Wizard - Of wariwulfs and bluotvarwes 4.5/5

Reviewed: 12-1-11


1. Of wariwulfs and bluotvarwes
2. Undead insanity
3. Taste of fear
4. Bluotvarwes
5. Messenger of death
6. In the sign of the cross
7. Fair maiden mine
8. Hearteater
9. Hagre
10. Bletzer
11. Hagen von stein

The 9th CD from Germany’s true metal stalwarts is another pure power masterpiece. Nothing unusual or unexpected, but crafted with gloriously epic effectiveness.

From their beginning, Wizard stood out as one of the first bands to take up the “true metal” sub-genre. Before that time, that style was really identified with just one band, the uniquely self-exultant Manowar, who backed up their opinion of themselves with some of the highest highs in metal glory, as well as endearing Spinal Tap-esque moments. Early on, Wizard would interject spoken word tracks (a la “The warrior’s prayer” et al.), and their 2nd and 3rd CDs both had “metal” in the title. But they quickly learned the metal chops to back it up. The band’s output seemed to vary between awe inspiring CDs (‘Bound by metal’, ‘Odin’) and slightly more workmanlike CDs (‘Head of the deceiver’) in the same style.

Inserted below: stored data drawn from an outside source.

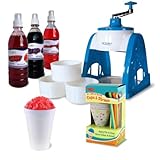 This shaved ice gift pack includes everything you need for your next snow cone party or afternoon treat. Includes the new Victorio Kitchen Products Hand Crank Ice Shaver, three (3) deliciously flavored syrups, and 25 cups and straws. Hand Crank Ice Shaver makes light, fluffy snow in a snap - no electricity needed! Includes one each of the following flavors: grape, cherry, red raspberry - with many more available separately.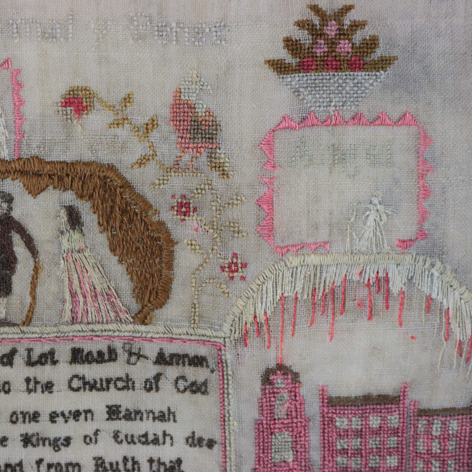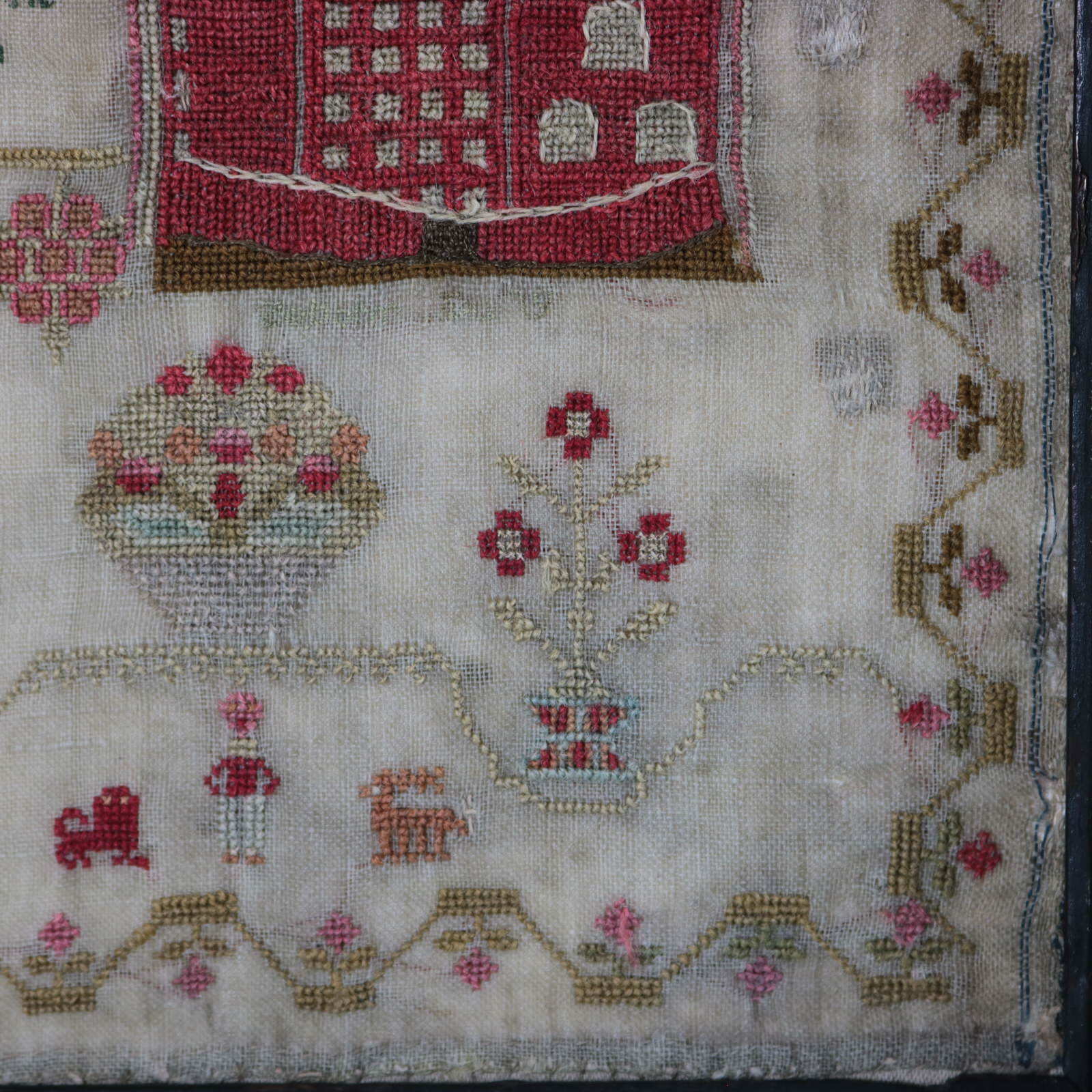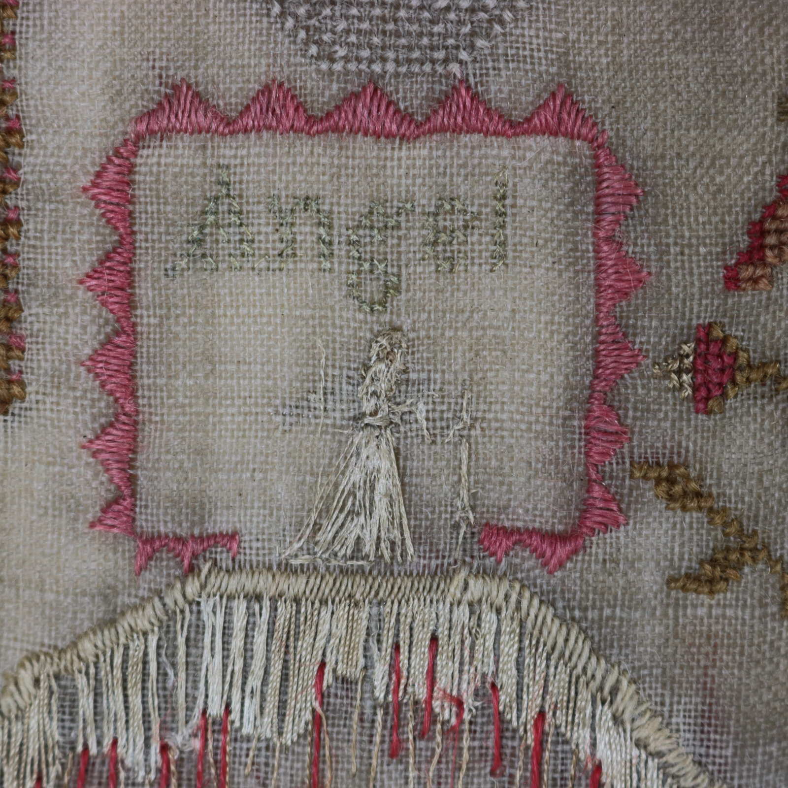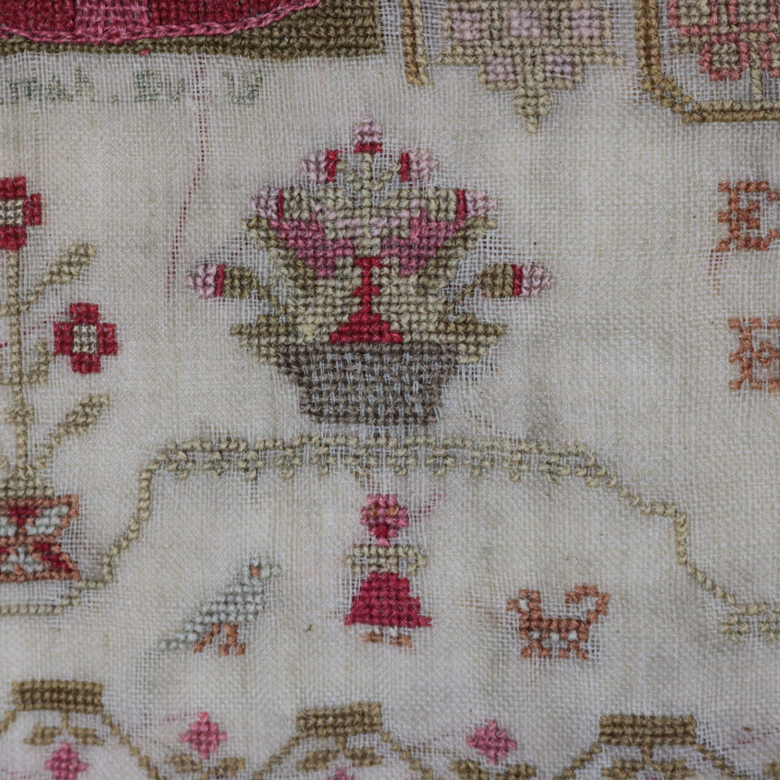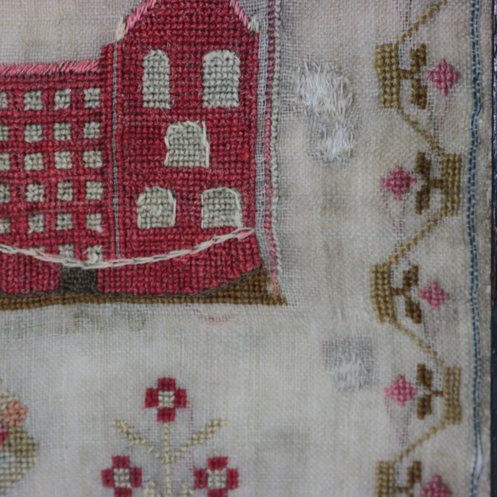The sampler is worked in wool and silk on linen ground, in a variety of stitches.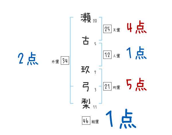 天運![]() | 瀬古玖弓梨さんの天運は25画の4つ星!個性があり才能があふれる。強運の持ち主で発展する。 家系が持つ宿命的な運勢を表します。祖先から受け継いだ苗字ですので自分の力が及びません。家柄を象徴します。 |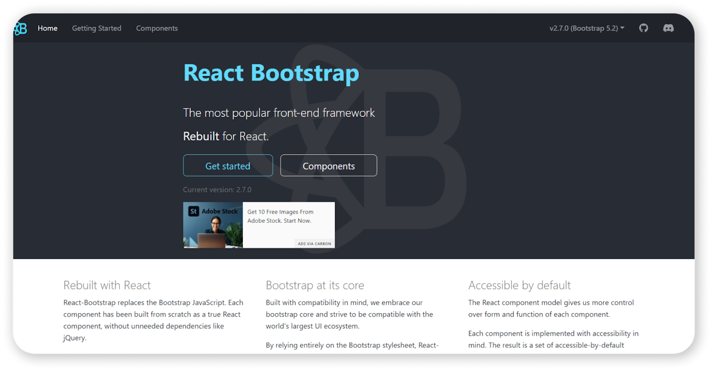 React Bootstrap is the rebuilt version of the popular frontend CSS framework for React. Each component of the React Bootstrap is built from scratch with no unneeded dependencies and is accessible by default.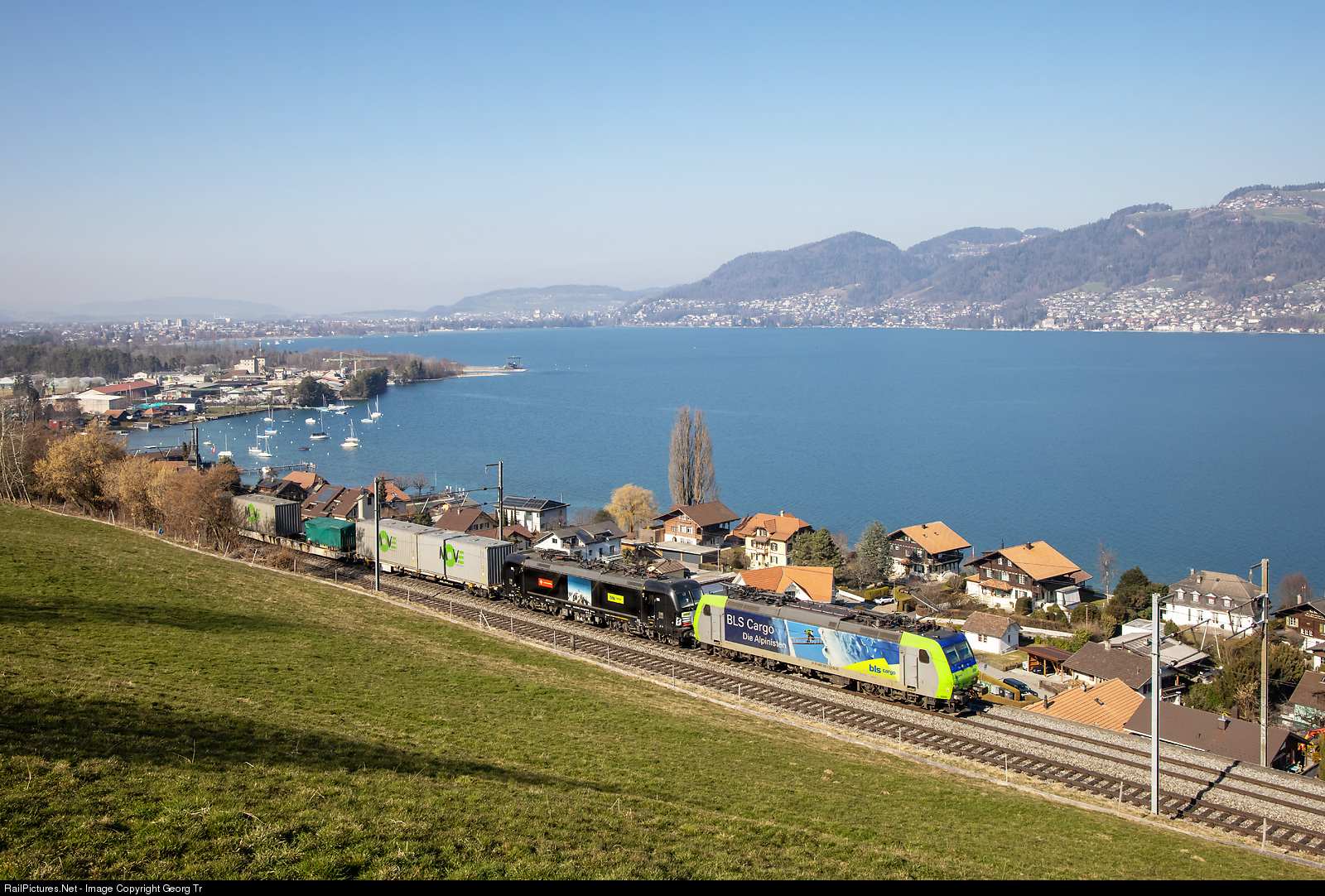 RailPictures.Net Photo: 485 020, 193 713 BLS Cargo Re 485, 193 at Spiez, Switzerland by Georg Trüb

By this point, Wizard has polished their version of pure, epic, melodic power metal into razor sharp precision and magnificent songwriting. Vocalist Sven D’Anna is one of the lynch pins of their glory, and while he rasps his way through some part of his CDs, at his best he carries a strong, clear, imperious sound which is awe-inspiring and rife with martial triumph. While the band once got their axe work done with a single guitarist, Michael Maass and Dano Boland, both of whom have been the sole guitarists, now work together, while Volker Leson provides the bass and Snoppi Denn the thunderous drums. While the musical onslaught is great, what’s most important is how the songwriting comes together with memorable tracks that quickly become part of your musical memories.

Lyrically, the band, who in the past have graced us with pure fantasy (for instance, “Hammer, bow, axe and sword”, at a time when such topics were a rare treasure), as well as a wonderfully deep exploration of Norse mythology in ‘Odin’ and ‘Thor’, manages to provide something both true to their roots, and original. The lyrics were inspired by a german language fantasy trilogy by André Wiesler, and that author actually worked with Leson in writing the lyrics, and the cool tale of monsters and church-sponsored killing squads shows that such things can still be great!

Overall, there will be no surprises, and fans tired of true metal fantasy power will not find anything here to change their mind, nor will afficionados of the genre be in any way disappointed. Instead, what they need to know is this is one of the band’s more inspired CDs, and highly recommended by anyone whose soul is stirred by Manowar classics like “Thor” and “Blood of my enemies”.